_GIVEN MATERIAL:_

=== Begin Enclosure ===

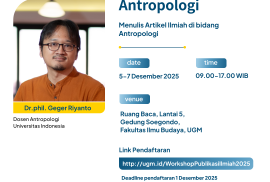 The Department of Anthropology, Faculty of Cultural Sciences UGM, will hold a publication workshop focusing on the writing and publication of scholarly articles in the field of anthropology.
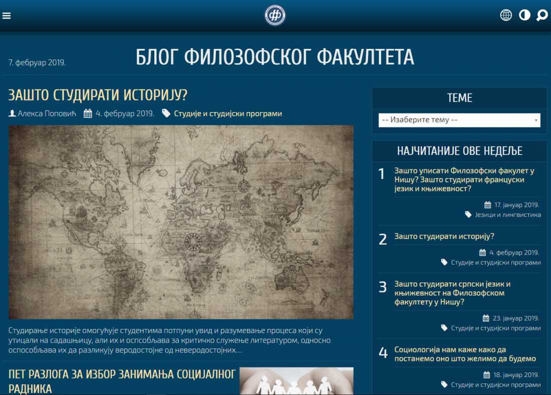 Факултетска дешавања :: четвртак, 07.02.2019.Велико нам је задовољство да вас обавестимо да је од данас у функцији и званични блог Филозофског факултета!
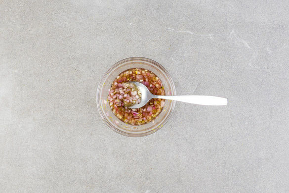 Die Limettenschale abreiben und die Limette halbieren, eine Hälfte auspressen, die andere Hälfte in Spalten schneiden. Die Schalotte schälen, halbieren und in möglichst feine Würfel schneiden. Mit ½TL Limettenschale, dem Limettensaft, 2EL Olivenöl, 1EL Essig sowie je 1 Prise Salz und Pfeffer zu einem Dressing verrühren.
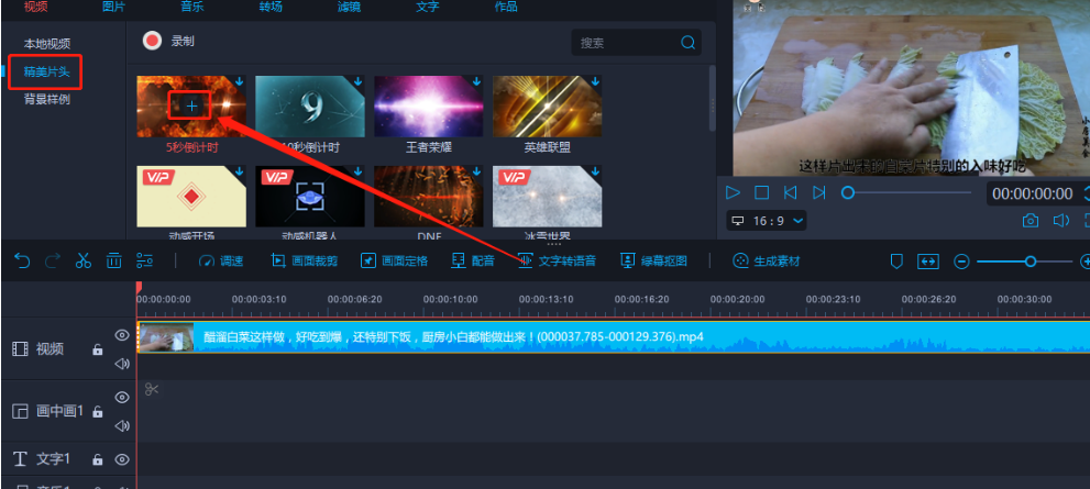 5.将视频添加到下方的操作轨道之后,我们在界面左上方选择精美片头选项,找到之后就可以看到倒计时的片头素材了,点击加号下载它并添加到下方的操作栏中。

=== End Enclosure ===

_ACTION ITEM:_ Every line of the listing should be copied precisely, with images omitted.

_ANSWER SPACE:_
 The Department of Anthropology, Faculty of Cultural Sciences UGM, will hold a publication workshop focusing on the writing and publication of scholarly articles in the field of anthropology.
 Факултетска дешавања :: четвртак, 07.02.2019.Велико нам је задовољство да вас обавестимо да је од данас у функцији и званични блог Филозофског факултета!
 Die Limettenschale abreiben und die Limette halbieren, eine Hälfte auspressen, die andere Hälfte in Spalten schneiden. Die Schalotte schälen, halbieren und in möglichst feine Würfel schneiden. Mit ½TL Limettenschale, dem Limettensaft, 2EL Olivenöl, 1EL Essig sowie je 1 Prise Salz und Pfeffer zu einem Dressing verrühren.
 5.将视频添加到下方的操作轨道之后,我们在界面左上方选择精美片头选项,找到之后就可以看到倒计时的片头素材了,点击加号下载它并添加到下方的操作栏中。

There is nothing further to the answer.